SUPPLIED MATERIAL >>
##########

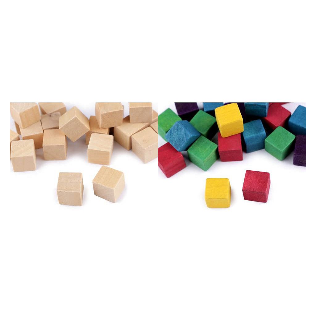 Malé dřevěné kostky ke kreativnímu tvoření.
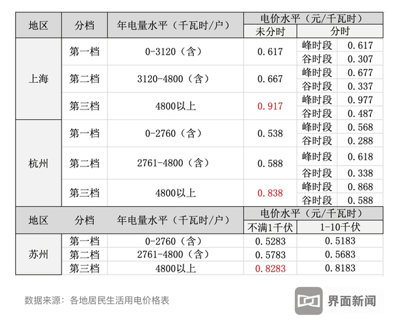 以上海、杭州、苏州三地的收费标准为例。当居民生活用电年用电量超过4800千瓦时,收费均步入第三阶梯。在上海,第三阶梯未分时电价高达0.917元,分别超出前两档电价的48%和37%。杭州第三阶梯未分时电价为0.838元,较前两个阶梯电价超出五成左右;苏州不满1千伏的第三档电价为0.823元,较前两个阶梯电价超出四成左右。
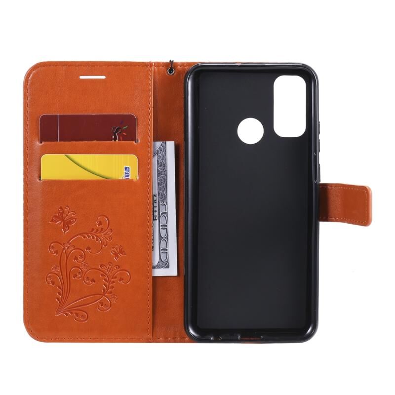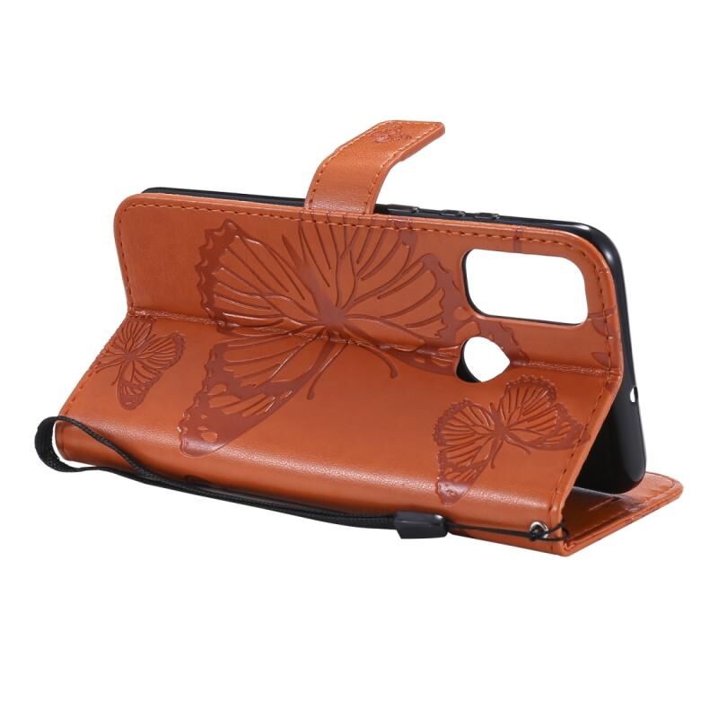 Θήκη δέρματος οριζόντιας αναδίπλωσης με ανάγλυφο σχέδιο 3D πεταλούδων για Huawei P Smart (2020) με βάση στήριξης & υποδοχή κάρτας & πορτοφόλι (Μωβ)
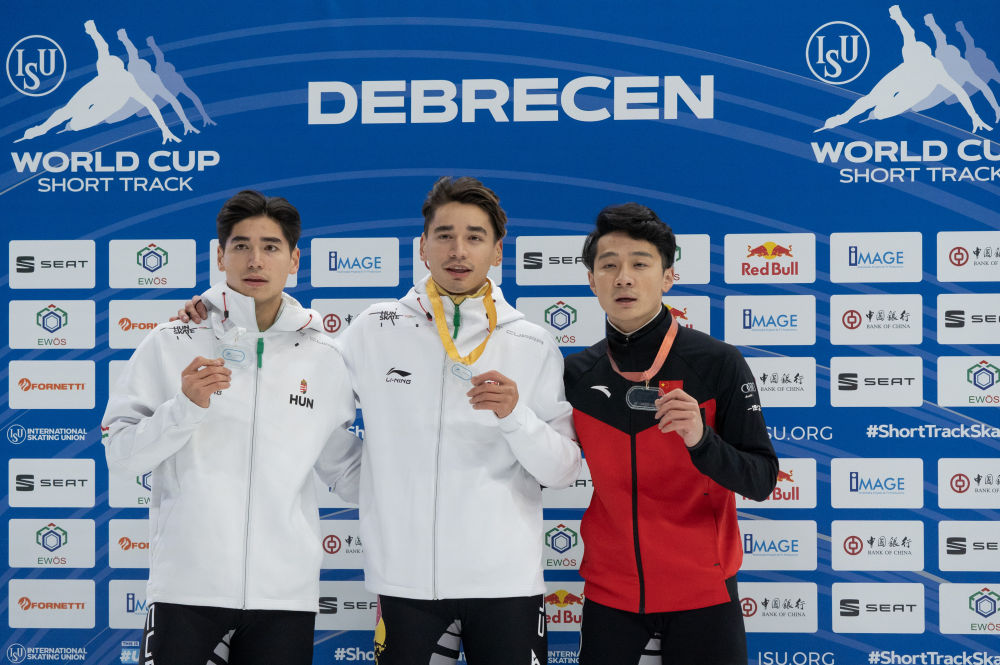 2021年11月20日,2021-2022赛季国际滑联短道速滑世界杯匈牙利站,冠军匈牙利选手刘少林(中)、亚军刘少昂(左)和季军中国选手任子威在男子500米颁奖仪式上。新华社发(弗尔季·奥蒂洛 摄)

##########

The lines from the beginning of the listing above through the line holding "以上海、杭州、苏州三地的收费" are to be duplicated exactly, and the pictures omitted.

TASK ANSWER >>
 Malé dřevěné kostky ke kreativnímu tvoření.
 以上海、杭州、苏州三地的收费标准为例。当居民生活用电年用电量超过4800千瓦时,收费均步入第三阶梯。在上海,第三阶梯未分时电价高达0.917元,分别超出前两档电价的48%和37%。杭州第三阶梯未分时电价为0.838元,较前两个阶梯电价超出五成左右;苏州不满1千伏的第三档电价为0.823元,较前两个阶梯电价超出四成左右。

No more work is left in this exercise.